Между тем у меня было высшее образование. В первые годы после революции прием в университет был свободным. Мы с Леной, например, записались на философское отделение, когда ходили еще в 7-й класс гимназии, превращенной уже в Единую трудовую школу. В университете мы застали еще таких философов, как Бердяев, Ильин-гегельянец (впрочем, он читал в музыкальной школе Гнесиных в маленьком особняке на Арбатской площади), Кубицкий, слушали историка Кизеветтера… Но вскоре вся эта блестящая профессура уехала навсегда за границу, и университет производил впечатление барского дома, отданного на попечение управителя и домашней челяди.
Конечно, так казалось не всем. Многие студентки удовлетворялись лекциями высокопарного и претенциозного Н. Л. Бродского, деятельного, маститого, но традиционно мыслящего П. Н. Сакулина, не замечали чванства и ограниченного педантизма Н. К. Пиксанова… Особенно увлекались лекциями и семинарами В. Ф. Переверзева, его прямым резким умом и мягким характером, его демократизмом и чувством личного достоинства. Но что мне было до его толкования Достоевского с точки зрения упрощенного социологизма? Мне, посещавшей философские диспуты и слышавшей выступления Андрея Белого?
Но что особенно отвращало меня от университета, это вузовцы. В аудиториях в ожидании лектора они пели хором; на вечерах танцевали под духовой оркестр; в общежитиях предавались бурным страстям. А мне виделось что-то напускное, аффектированное, взвинченное во всем, что они делали. У новых людей были чуждые мне вкусы, другие повадки, другие понятия о добре и зле.

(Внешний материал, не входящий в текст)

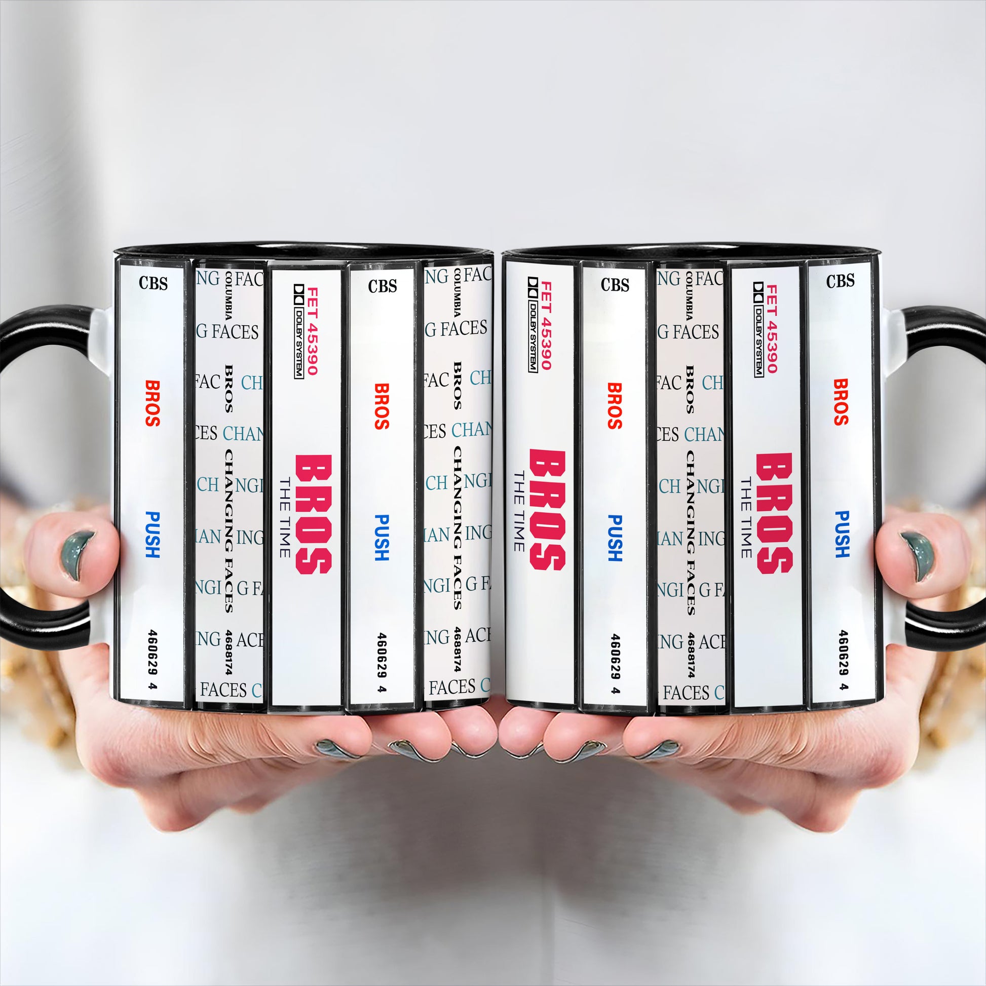 Bros Albums Cassette Collection Retro Accent Edge-to-Edge Printed Mug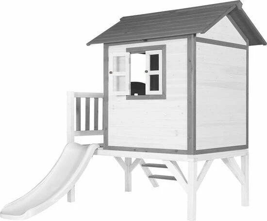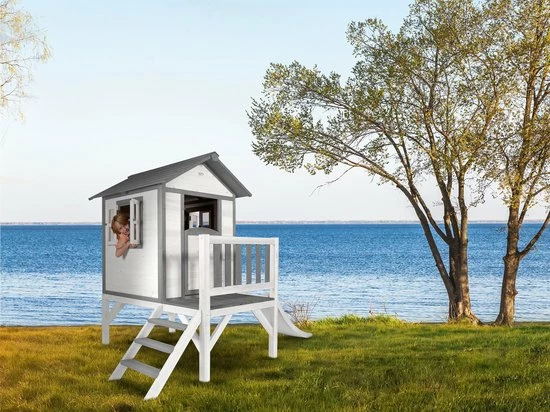 Klimmen op de trap, over de veranda en snel weer naar beneden van de glijbaan? Dat kan met het Lodge XL Speelhuis Klassiek van AXI. Hoe vaker ze naar beneden glijden, hoe leuker ze het vinden! Lodge XL Speelhuis is een leuk basis huisje welke in iedere tuin past. Het speelhuisje uit de Beach serie van AXI is uitgevoerd in moderne grijs/witte kleuren welke perfect in iedere hedendaagse tuin passen. Lodge XL speelhuis heeft een platformhoogte van 57 cm en is uitgevoerd met een kleine glijbaan van 118 cm lang. Aan de zijkanten heeft het ramen die eenvoudig geopend kunnen worden. De stoere halve deur heeft een brievenbus waar kinderen post doorheen kunnen gooien als ze postbodetje spelen. Het trapje en glijbaan kunnen zowel links als rechts aan het speelhuis worden bevestigd.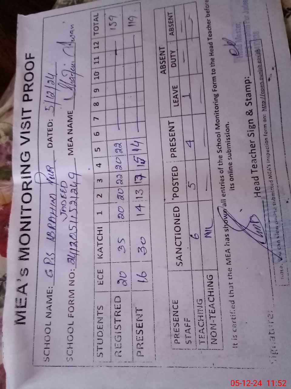 | Attendance Register | Head Teacher | MEA with School | Visit Proof |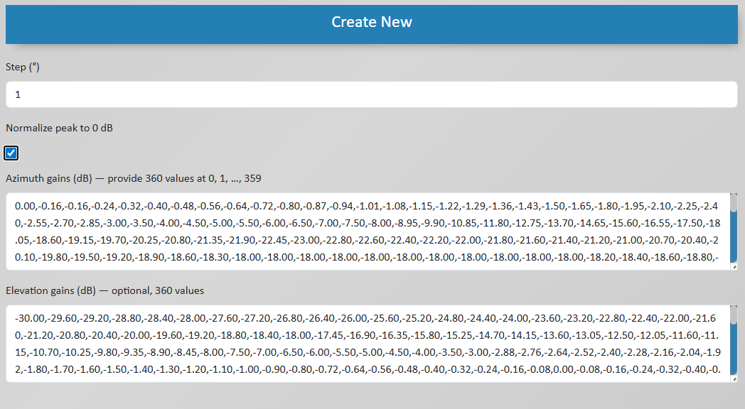 • Line 181 and Line 631 should match. This is the gain at azimuth degree of 180 and the elevation angle of -180.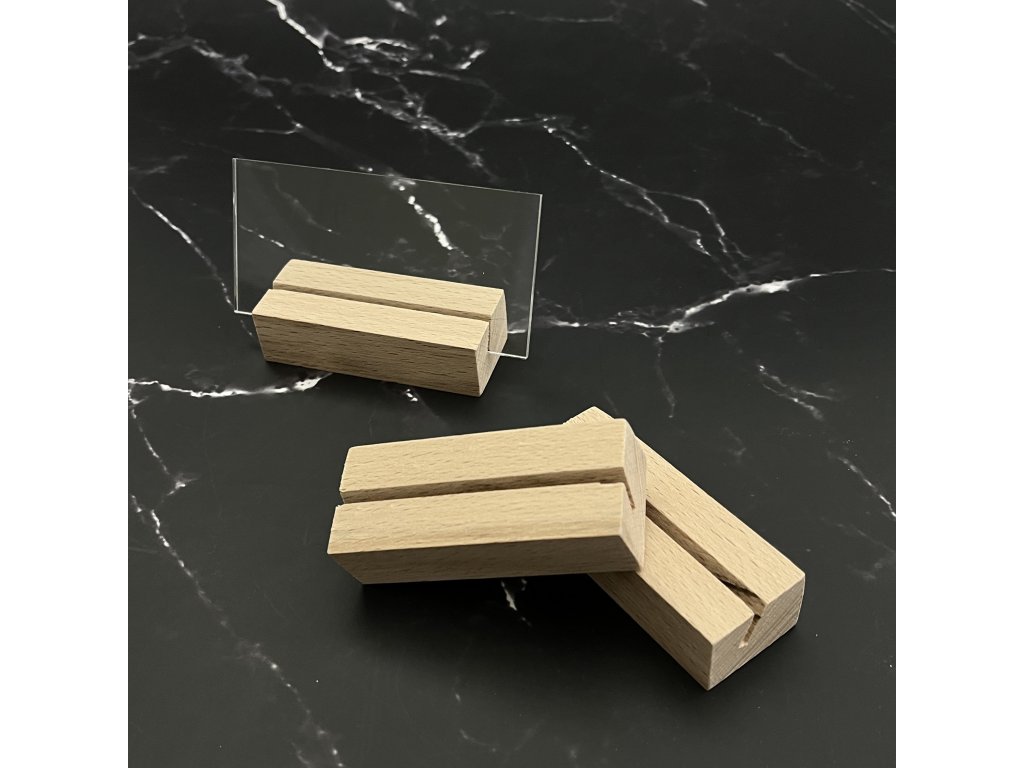 Tento komplet obsahuje dřevěný stojánek a zaoblenou plastovou destičku 100 × 150 mm, které jsou navržené tak, aby k sobě perfektně pasovaly. Stojánek je vyráběný na míru truhlářem a má přesně vyfrézovanou drážku pro destičky o tloušťce 3 mm, takže vše drží stabilně a rovně bez viklání.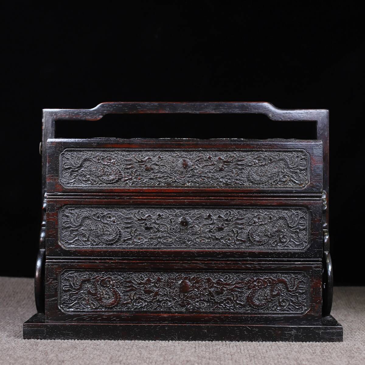 - 旧 清代 紫檀木 浮雕祥竜獻瑞 提梁多層盒 木製 中国古美術 古賞物 古置物 唐物 K710
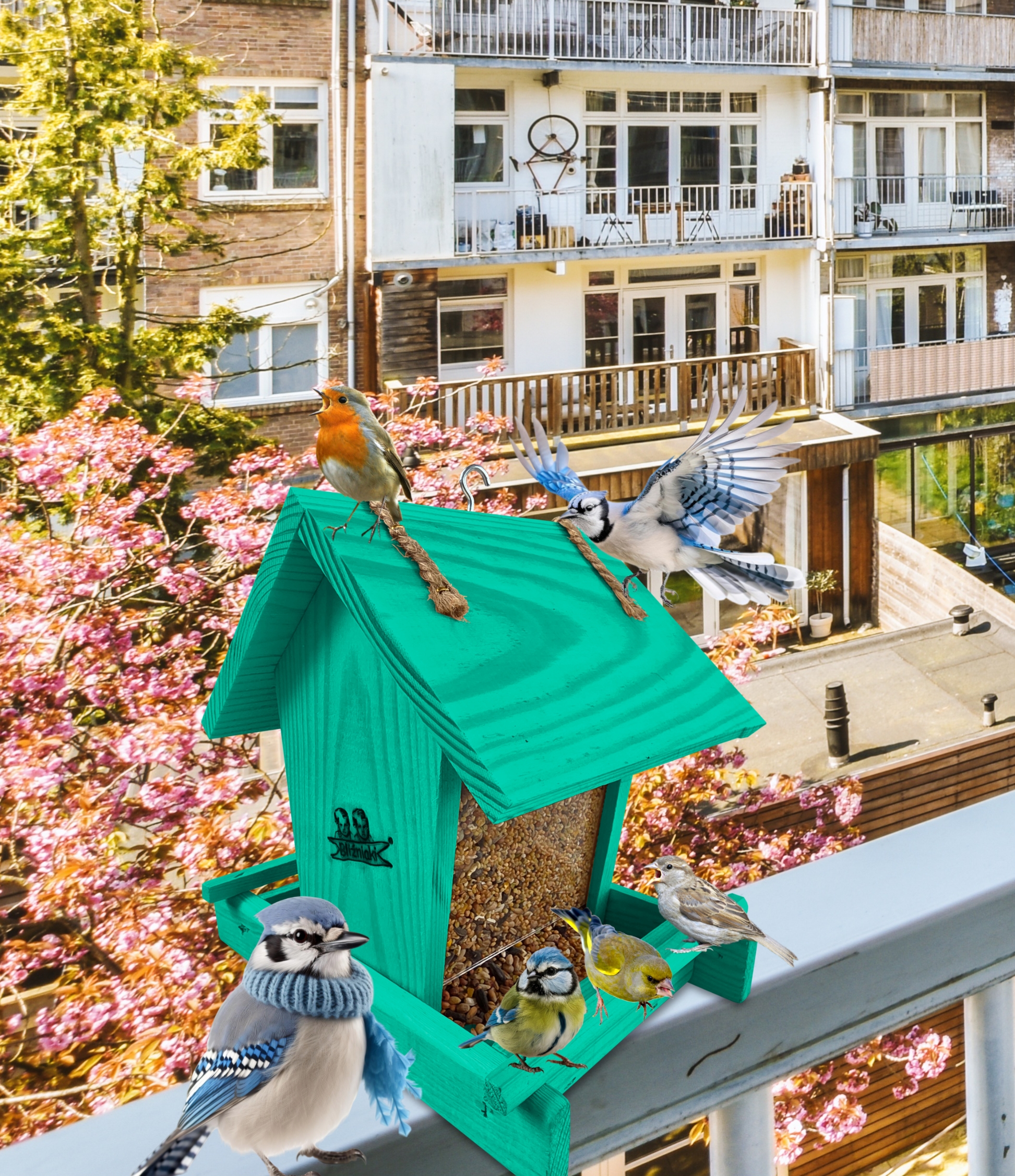 Karmnik posiada haczyk, umożliwiający zawieszenie go na balkonie, drzewie, pod dachem altany. Dzięki temu przylatujące do niego ptaki nie staną się łatwym kąskiem dla kotów i innych zwierząt. Dzięki małym gabarytom, z łatwością można wkomponować go w elementy architektury ogrodowej, na balkonie czy nawet parapecie.

Мне кажется, что пошлость и развязность студенческой аудитории пугала даже Брюсова. В университете он чувствовал себя менее уверенно, чем в организованных им литературных курсах, куда принимал учащихся по отбору, т. е. уже реализовавших свои литературные способности. Я помню его подавленный и растерянный вид на лекции, когда все девицы по инерции объявляли первым поэтом Блока, а мужчины в красноармейских шинелях нараспашку вскакивали на кафедру, перепрыгивали через спинки студенческих скамей и орали «под Маяковского» свои стихи. Однажды Брюсов не выдержал и обратился к аудитории: «Что вы все так любите Блока? Ведь он плохой поэт». «А кто хороший?» — возмущенно кричали из рядов. «Пастернак», — удивил всех Брюсов.
Он продемонстрировал:
……………………………….
Как слепой щенок молоко,
Всею темью пихт неосознанной
Пьет сиянье звезд частокол.
Подобные строки пугали своей сложностью: оказывается, писать стихи очень трудно. V многих опускались руки.